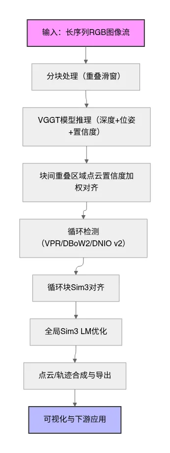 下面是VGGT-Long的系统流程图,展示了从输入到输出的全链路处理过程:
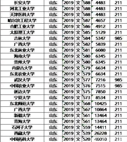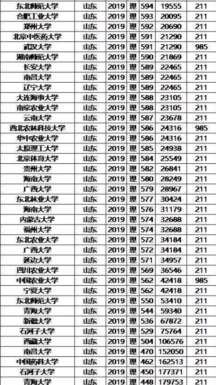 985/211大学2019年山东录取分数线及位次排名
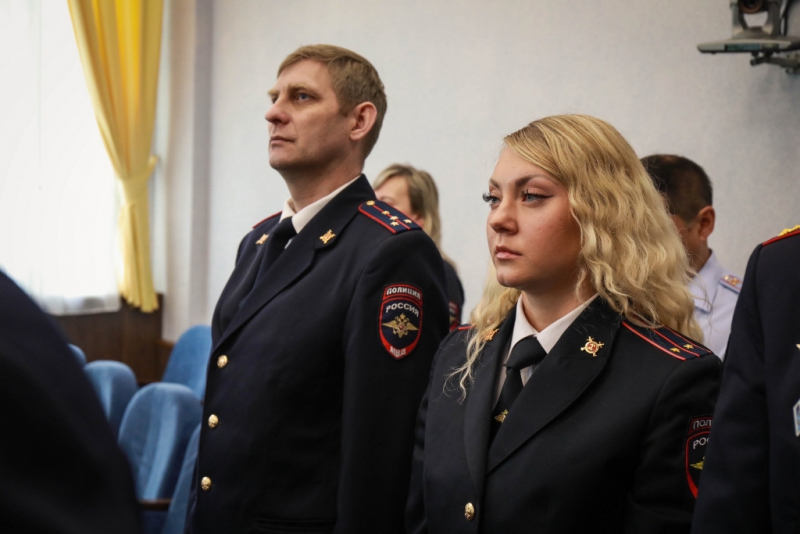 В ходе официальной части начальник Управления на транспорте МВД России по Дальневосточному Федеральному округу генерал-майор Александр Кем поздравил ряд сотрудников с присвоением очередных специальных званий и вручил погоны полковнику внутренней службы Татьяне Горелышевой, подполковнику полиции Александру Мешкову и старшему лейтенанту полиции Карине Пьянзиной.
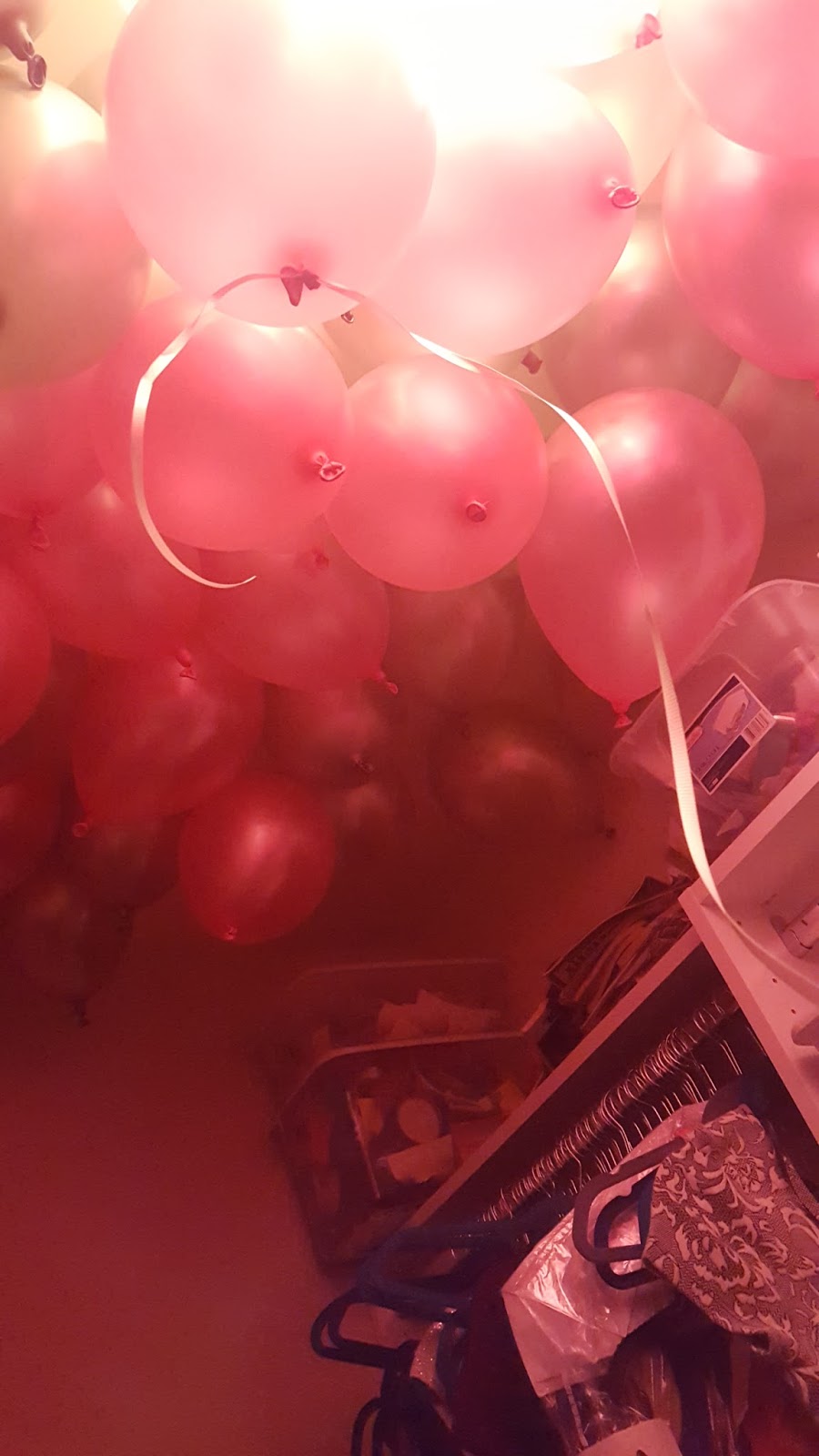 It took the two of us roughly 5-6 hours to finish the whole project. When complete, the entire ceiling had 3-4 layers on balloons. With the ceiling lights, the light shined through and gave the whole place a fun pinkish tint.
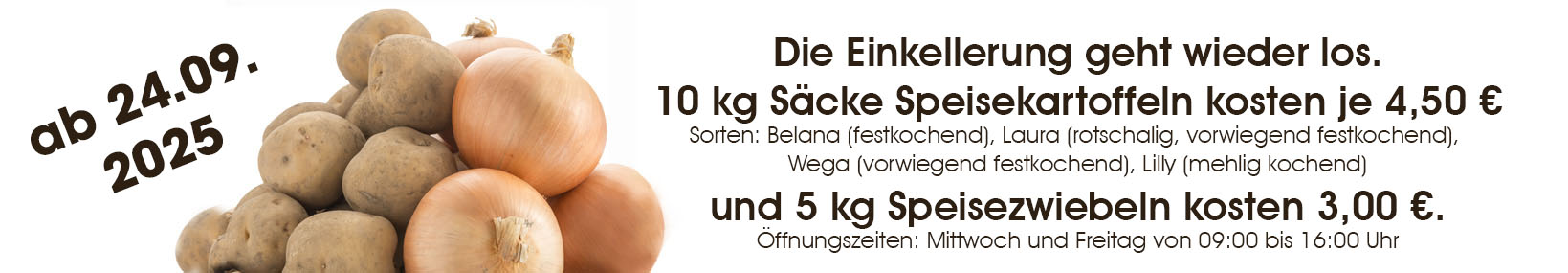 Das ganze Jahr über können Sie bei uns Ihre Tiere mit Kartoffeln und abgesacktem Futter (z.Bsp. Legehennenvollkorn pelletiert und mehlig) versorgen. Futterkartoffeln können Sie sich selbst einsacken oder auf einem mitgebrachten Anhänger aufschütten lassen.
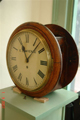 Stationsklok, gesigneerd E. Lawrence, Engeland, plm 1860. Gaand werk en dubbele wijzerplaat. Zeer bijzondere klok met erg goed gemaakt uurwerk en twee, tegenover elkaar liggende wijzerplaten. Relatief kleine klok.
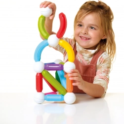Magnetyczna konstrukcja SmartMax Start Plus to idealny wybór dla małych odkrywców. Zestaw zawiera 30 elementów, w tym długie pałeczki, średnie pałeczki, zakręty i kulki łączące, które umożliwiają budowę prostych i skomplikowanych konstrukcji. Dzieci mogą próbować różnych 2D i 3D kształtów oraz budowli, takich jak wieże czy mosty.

....

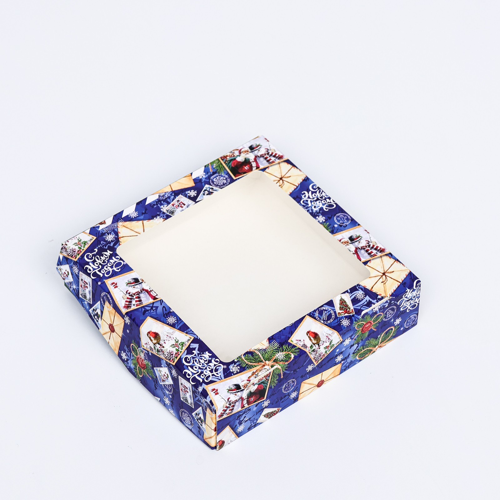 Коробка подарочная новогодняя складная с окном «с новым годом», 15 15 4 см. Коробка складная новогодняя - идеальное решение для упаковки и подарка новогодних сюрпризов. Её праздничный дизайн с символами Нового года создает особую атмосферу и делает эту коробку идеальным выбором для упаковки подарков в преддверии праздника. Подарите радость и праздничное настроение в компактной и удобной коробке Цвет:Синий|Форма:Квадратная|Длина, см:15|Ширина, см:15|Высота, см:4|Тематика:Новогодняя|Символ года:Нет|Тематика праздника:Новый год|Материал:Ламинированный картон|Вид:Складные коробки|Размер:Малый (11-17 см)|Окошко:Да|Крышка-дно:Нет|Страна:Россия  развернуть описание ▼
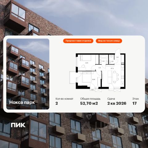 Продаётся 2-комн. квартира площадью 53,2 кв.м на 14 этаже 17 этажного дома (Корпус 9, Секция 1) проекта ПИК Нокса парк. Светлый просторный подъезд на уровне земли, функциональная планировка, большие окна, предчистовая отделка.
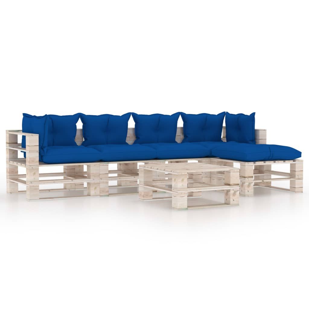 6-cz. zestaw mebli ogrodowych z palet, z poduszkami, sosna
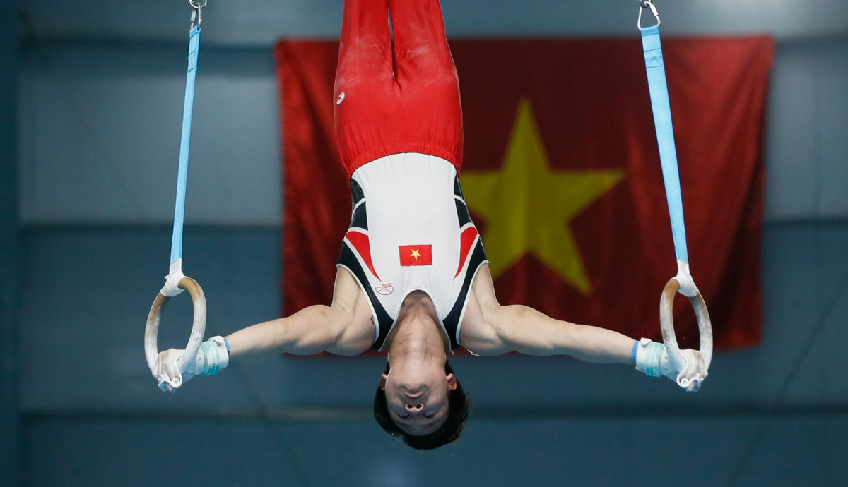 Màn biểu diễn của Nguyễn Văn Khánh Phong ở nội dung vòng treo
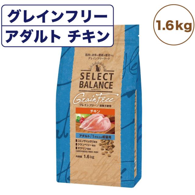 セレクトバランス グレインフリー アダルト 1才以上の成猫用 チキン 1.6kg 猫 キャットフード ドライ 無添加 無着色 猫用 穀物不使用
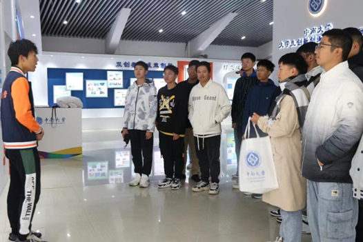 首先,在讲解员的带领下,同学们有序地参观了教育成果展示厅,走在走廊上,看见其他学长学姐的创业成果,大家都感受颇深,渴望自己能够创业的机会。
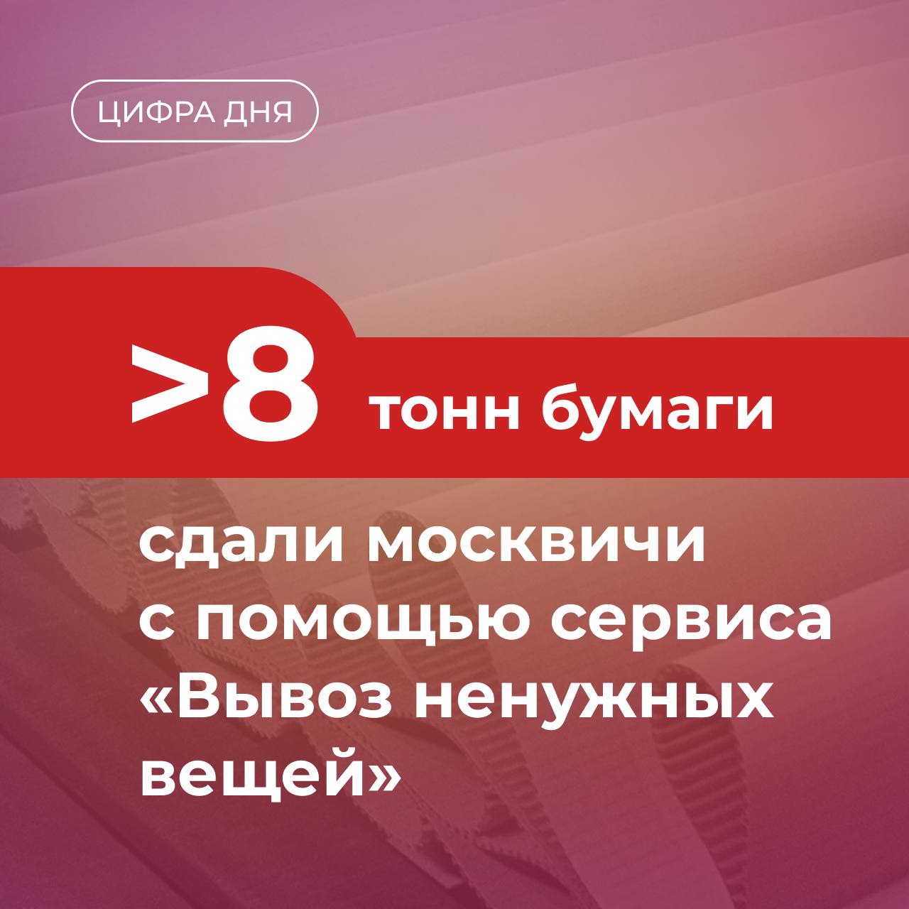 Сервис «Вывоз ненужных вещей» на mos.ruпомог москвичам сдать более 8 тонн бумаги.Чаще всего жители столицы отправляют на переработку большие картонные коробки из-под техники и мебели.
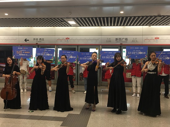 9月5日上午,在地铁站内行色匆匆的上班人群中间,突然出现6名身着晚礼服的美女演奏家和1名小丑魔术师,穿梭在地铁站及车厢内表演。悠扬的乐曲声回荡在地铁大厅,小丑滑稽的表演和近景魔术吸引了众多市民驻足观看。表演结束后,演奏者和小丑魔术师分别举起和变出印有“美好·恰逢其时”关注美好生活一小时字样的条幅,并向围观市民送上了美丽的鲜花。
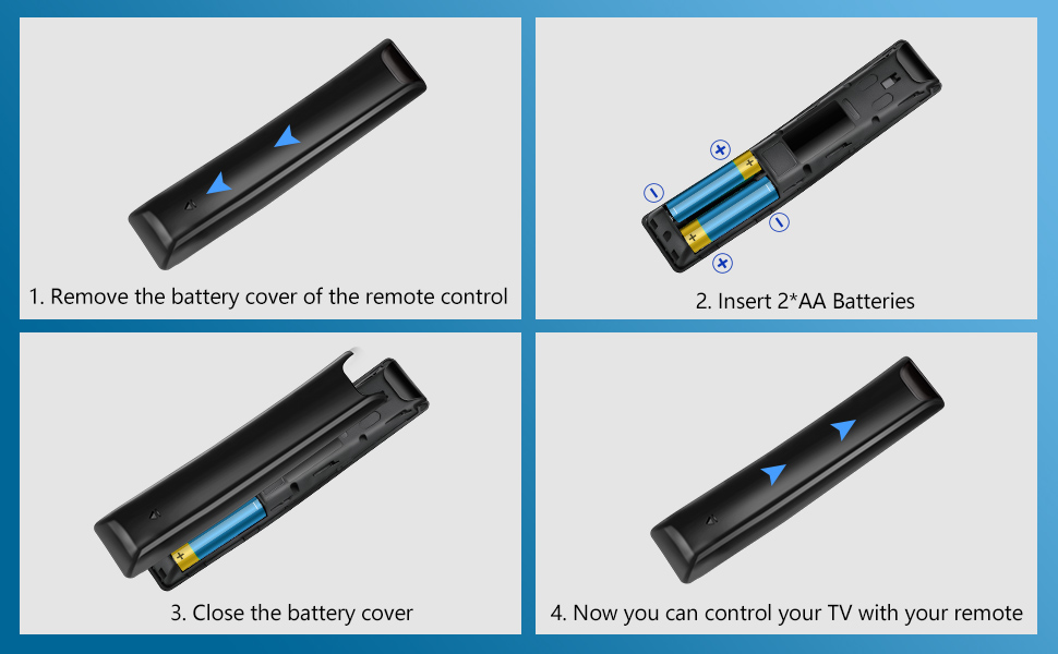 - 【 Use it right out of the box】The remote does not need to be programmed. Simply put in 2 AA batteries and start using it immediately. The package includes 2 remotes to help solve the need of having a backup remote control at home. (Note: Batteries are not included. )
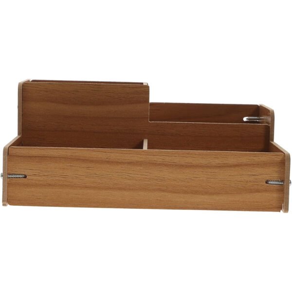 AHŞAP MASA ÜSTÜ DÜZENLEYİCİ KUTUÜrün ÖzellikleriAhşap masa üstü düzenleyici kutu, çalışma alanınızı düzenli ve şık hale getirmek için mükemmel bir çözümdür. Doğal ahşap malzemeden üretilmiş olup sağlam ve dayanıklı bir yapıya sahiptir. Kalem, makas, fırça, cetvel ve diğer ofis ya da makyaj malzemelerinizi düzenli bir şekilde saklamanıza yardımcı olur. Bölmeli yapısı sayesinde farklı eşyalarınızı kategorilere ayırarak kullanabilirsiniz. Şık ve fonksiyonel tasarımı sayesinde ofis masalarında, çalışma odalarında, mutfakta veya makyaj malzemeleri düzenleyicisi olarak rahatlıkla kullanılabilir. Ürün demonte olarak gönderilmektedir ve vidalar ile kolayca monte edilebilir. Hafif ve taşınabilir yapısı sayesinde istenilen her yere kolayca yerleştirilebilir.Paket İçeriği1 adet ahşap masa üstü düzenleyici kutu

....

TASK REQUIREMENTS → Above are the records; restate exactly the lines from the one containing "985/211大学2019年山东录取分数线及位次排名" through the one containing "В ходе официальной", keeping pictures out.

OUTPUT FOR THIS TASK →
 985/211大学2019年山东录取分数线及位次排名
 В ходе официальной части начальник Управления на транспорте МВД России по Дальневосточному Федеральному округу генерал-майор Александр Кем поздравил ряд сотрудников с присвоением очередных специальных званий и вручил погоны полковнику внутренней службы Татьяне Горелышевой, подполковнику полиции Александру Мешкову и старшему лейтенанту полиции Карине Пьянзиной.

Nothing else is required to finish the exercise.